Он почувствовал себя быстро выздоравливающим больным, которому пришла пора осторожно, но бодро соскочить с больничной койки, резким движением откинув угол одеяла…
Он взял кружку. Внутри была белая жидкость, пахшая молоком, парным… Ну, явно девятый уровень доступа!
— Парное, — кивнул человек. — Можете не бояться. С ферментами у вас все в порядке, с кишечной флорой — тоже… Считайте, что у нас, в третьем мире, это вроде посвящения.
В детстве Страхов пил парное молоко. Он выпил, а память идентифицировала: оно и есть.
— Спасибо, — сказал он и отдал кружку.
Человек принял ее.
Он десять секунд смотрел на Страхова молча. Он постепенно становился все более узнаваемым, хотя Страхов, двинувшись по лабиринтам своей памяти, так не нашел место, где и кем он его запомнил.
— Осваивайтесь… Не торопитесь… — все также умело поддерживая нейтрально-доброжелательный тон, сказал человек. — Одежду и все, что нужно, сами найдете… Места для вас, в общем-то, знакомые, понятные. Объяснений не нужно будет — сами быстро все поймете. Здесь все доступы сняты, и каждый всегда знает то, что ему нужно или что ему хочется знать.
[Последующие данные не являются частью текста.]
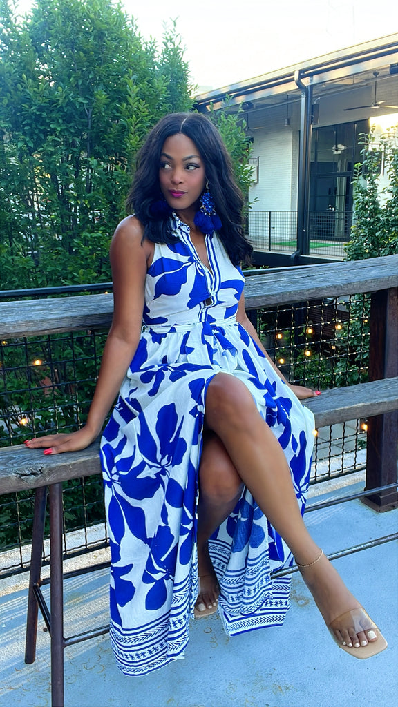 So elegant this halter dress is the perfect dress for summer nights whether on vacay or out in the city. The dress has an elastic waist, side zipper, pockets, and lots of flows. And, for those who don’t like to show their back, it’s covered!!!

Он повернулся к двери, что была прямо у изголовья кровати, на которой полулежал Страхов, и, уже выходя, добавил фразу, которая сразу построила в сознании Страхова весь мир за стенами дома, явно скопированного с того, детского, вплоть до многих мелких, но важных деталей:
— Здесь у нас герои быстро осваиваются.
— Спасибо, — невольно сказал Страхов. — Я в Валхалле, да?
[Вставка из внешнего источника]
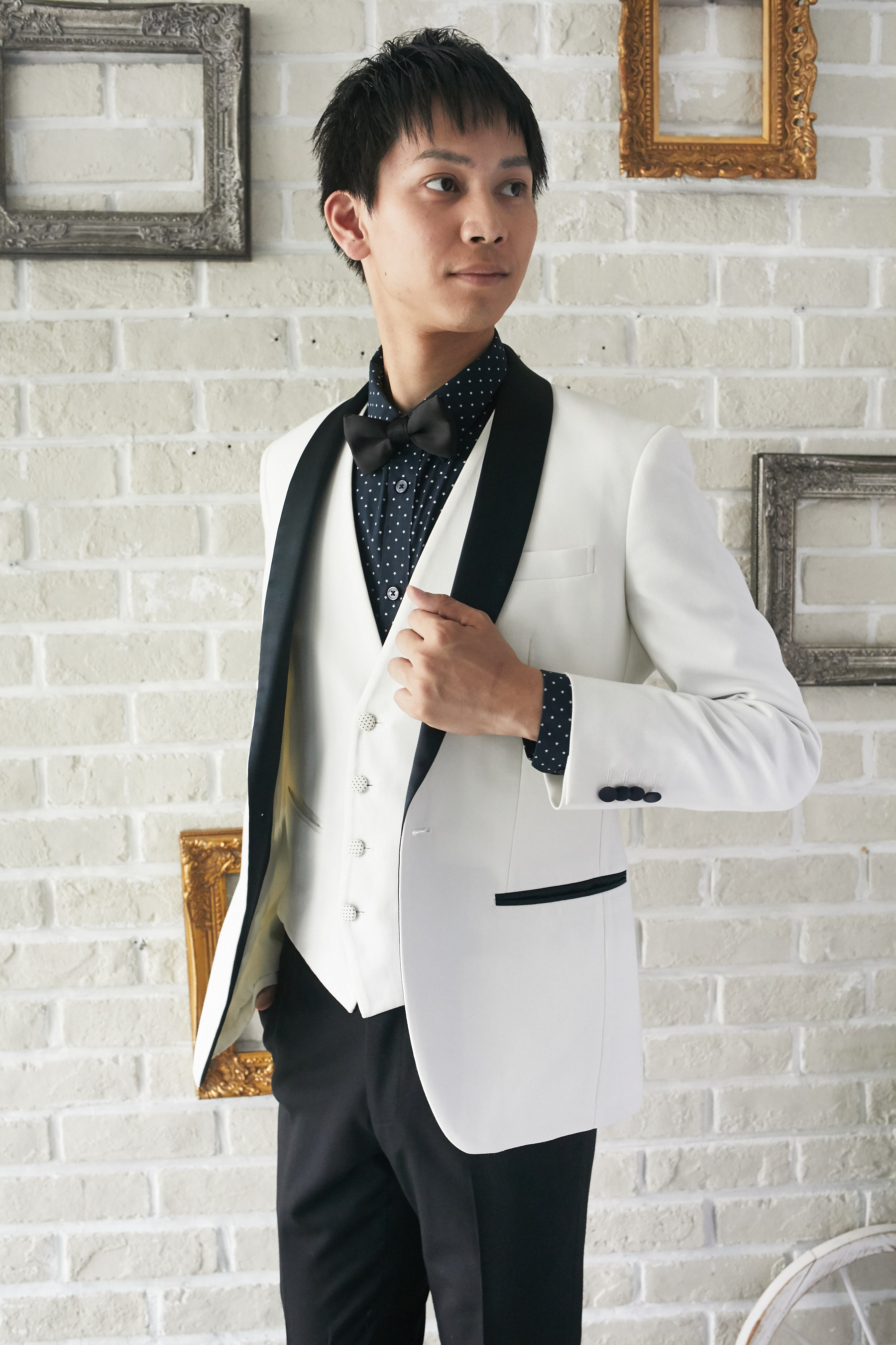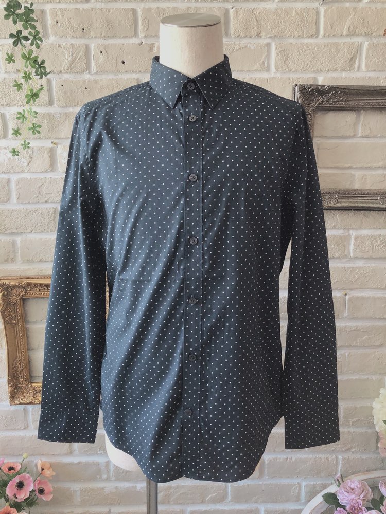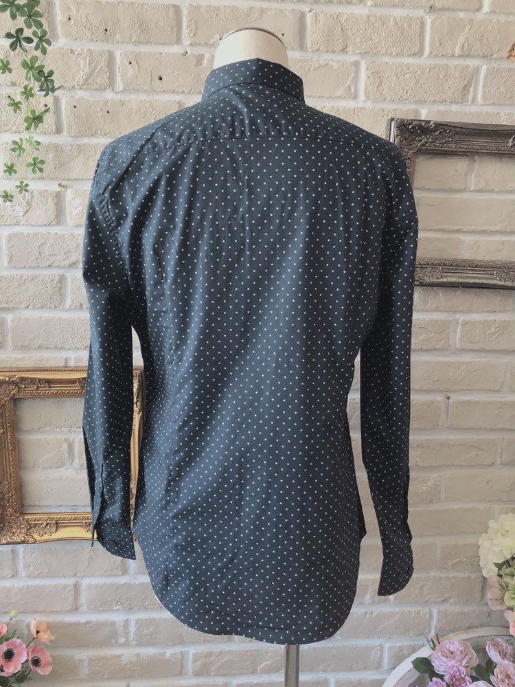 ネイビー×ホワイトの星柄がオシャレなポリエステル混紡素材の長袖シャツ。つるっとした生地感。レギュラーカラー。ブラック、ネイビー、ホワイト、グレー、ライトブルー、ブルー、ピンク等の無地タキシードやジャケットと相性が良いです。ノージャケットのベストスタイルもおすすめです。イージーアイロン加工でシワいらず。袖口周りをボタンで調節できます。裾はラウンドカット。レギュラーフィット―動きやすいゆとりがあり、ウエスト部分をゆるやかに絞ったクラシックなフィット。着心地のよいテーラードシルエットを創り出します。

— Боги погибли давно, — ответил человек издалека, — Теперь это место освоено простыми смертными и зовется по-другому.
Страхов посидел немного, сложив руки на пододеяльнике и глядя на ситцевую занавеску, за которой светился мир, где его явно ждали… И ждали уже давно.
Не считая, как раньше, по привычке, времени — земного времени здесь явно не было, а наручные часы «Стрела», играли, судя по всему, декоративную роль — Страхов думал и придумал, что, во-первых, надо быть скромнее и слишком хорошо о себе не думать, что, во-вторых, эта реальность, если и создана героями, непоколебимо идущими к цели, то — вскладчину… или же создана для героев, идущих непоколебимо к цели. Последнее будет означать, что всех героев и вправду давно ждут, где нужно… Кто-то основательно разобрался с интересными и разнообразными путями человеческой души, со всем этим мифологическим наследием тысячелетий в целом и доктора Юнга в частности.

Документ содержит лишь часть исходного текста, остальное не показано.